**TASK BRIEF**
Pictures in the entries below are excluded; copy only the lines from the one containing "Eiji - Kamari" to the one containing "양파절이와 콩나물 김치", both included.

**DATA FOR THIS EXERCISE**
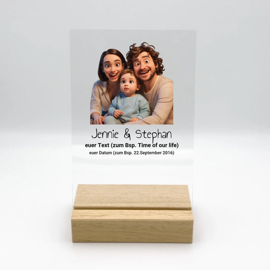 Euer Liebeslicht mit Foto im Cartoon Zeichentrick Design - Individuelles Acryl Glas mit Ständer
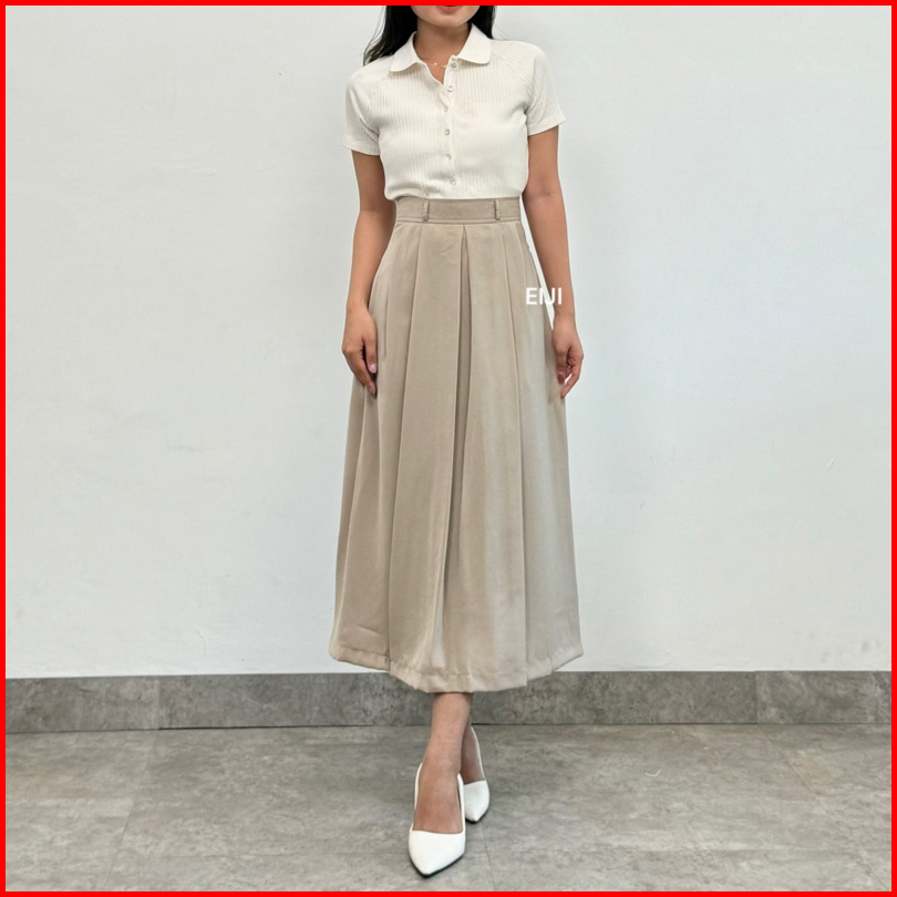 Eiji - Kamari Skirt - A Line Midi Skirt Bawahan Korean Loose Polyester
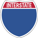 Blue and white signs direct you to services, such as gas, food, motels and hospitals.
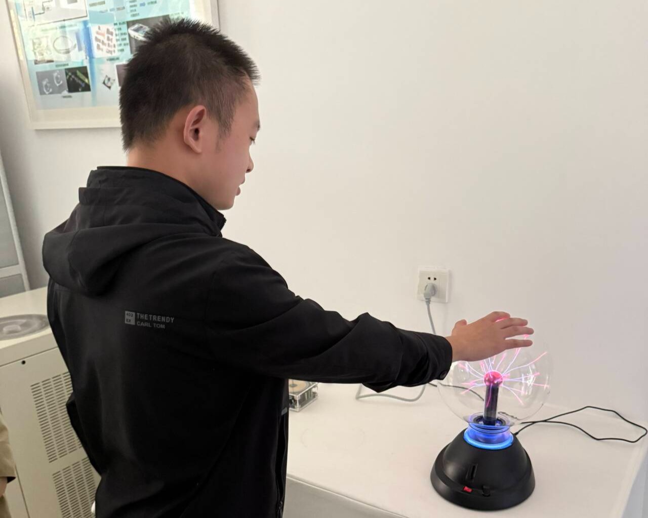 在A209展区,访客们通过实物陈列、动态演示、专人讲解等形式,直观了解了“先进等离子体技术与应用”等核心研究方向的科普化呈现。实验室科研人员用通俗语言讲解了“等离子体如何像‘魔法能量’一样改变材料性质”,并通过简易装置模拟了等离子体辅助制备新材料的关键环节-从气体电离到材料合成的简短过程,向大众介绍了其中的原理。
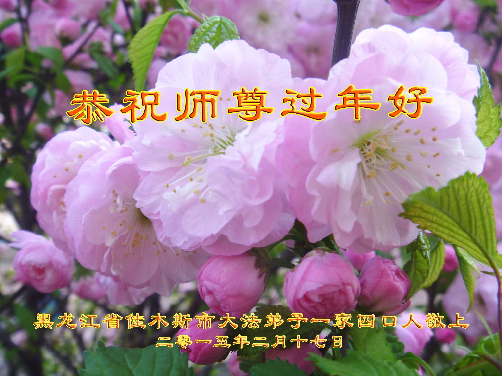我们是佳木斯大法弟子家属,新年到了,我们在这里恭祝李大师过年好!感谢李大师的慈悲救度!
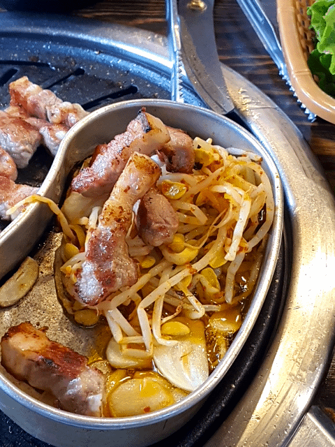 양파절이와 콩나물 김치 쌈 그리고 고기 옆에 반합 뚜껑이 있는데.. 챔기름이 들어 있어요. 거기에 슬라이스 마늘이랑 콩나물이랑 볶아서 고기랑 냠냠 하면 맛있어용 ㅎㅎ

--

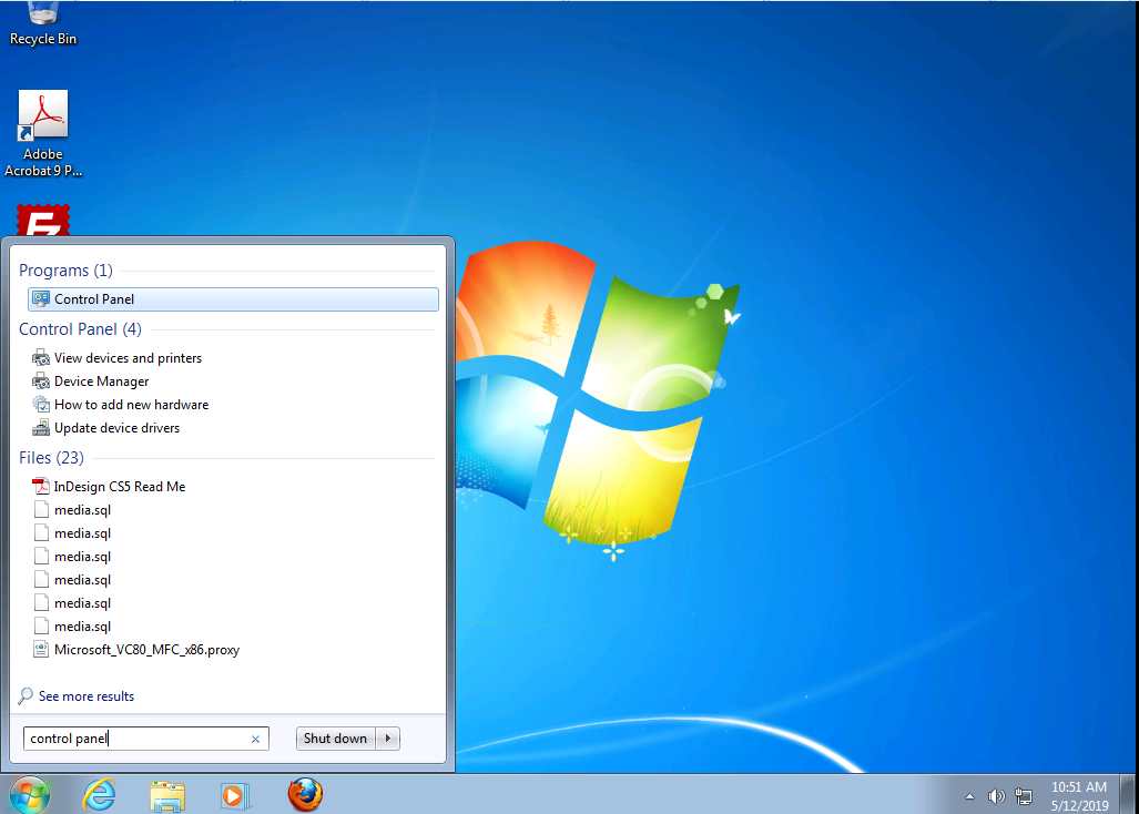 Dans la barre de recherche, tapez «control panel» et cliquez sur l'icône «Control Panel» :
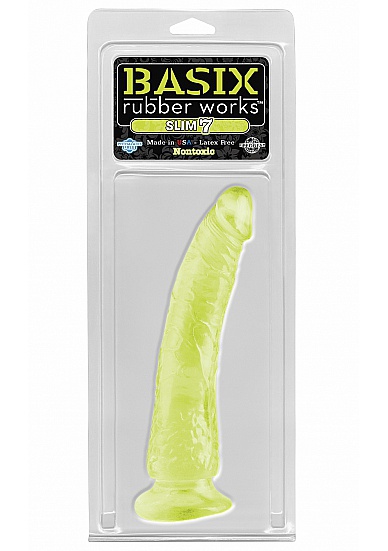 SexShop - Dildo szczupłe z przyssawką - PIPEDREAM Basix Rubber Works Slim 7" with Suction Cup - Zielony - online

**RESPONSE**
 Eiji - Kamari Skirt - A Line Midi Skirt Bawahan Korean Loose Polyester
 Blue and white signs direct you to services, such as gas, food, motels and hospitals.
 在A209展区,访客们通过实物陈列、动态演示、专人讲解等形式,直观了解了“先进等离子体技术与应用”等核心研究方向的科普化呈现。实验室科研人员用通俗语言讲解了“等离子体如何像‘魔法能量’一样改变材料性质”,并通过简易装置模拟了等离子体辅助制备新材料的关键环节-从气体电离到材料合成的简短过程,向大众介绍了其中的原理。
我们是佳木斯大法弟子家属,新年到了,我们在这里恭祝李大师过年好!感谢李大师的慈悲救度!
 양파절이와 콩나물 김치 쌈 그리고 고기 옆에 반합 뚜껑이 있는데.. 챔기름이 들어 있어요. 거기에 슬라이스 마늘이랑 콩나물이랑 볶아서 고기랑 냠냠 하면 맛있어용 ㅎㅎ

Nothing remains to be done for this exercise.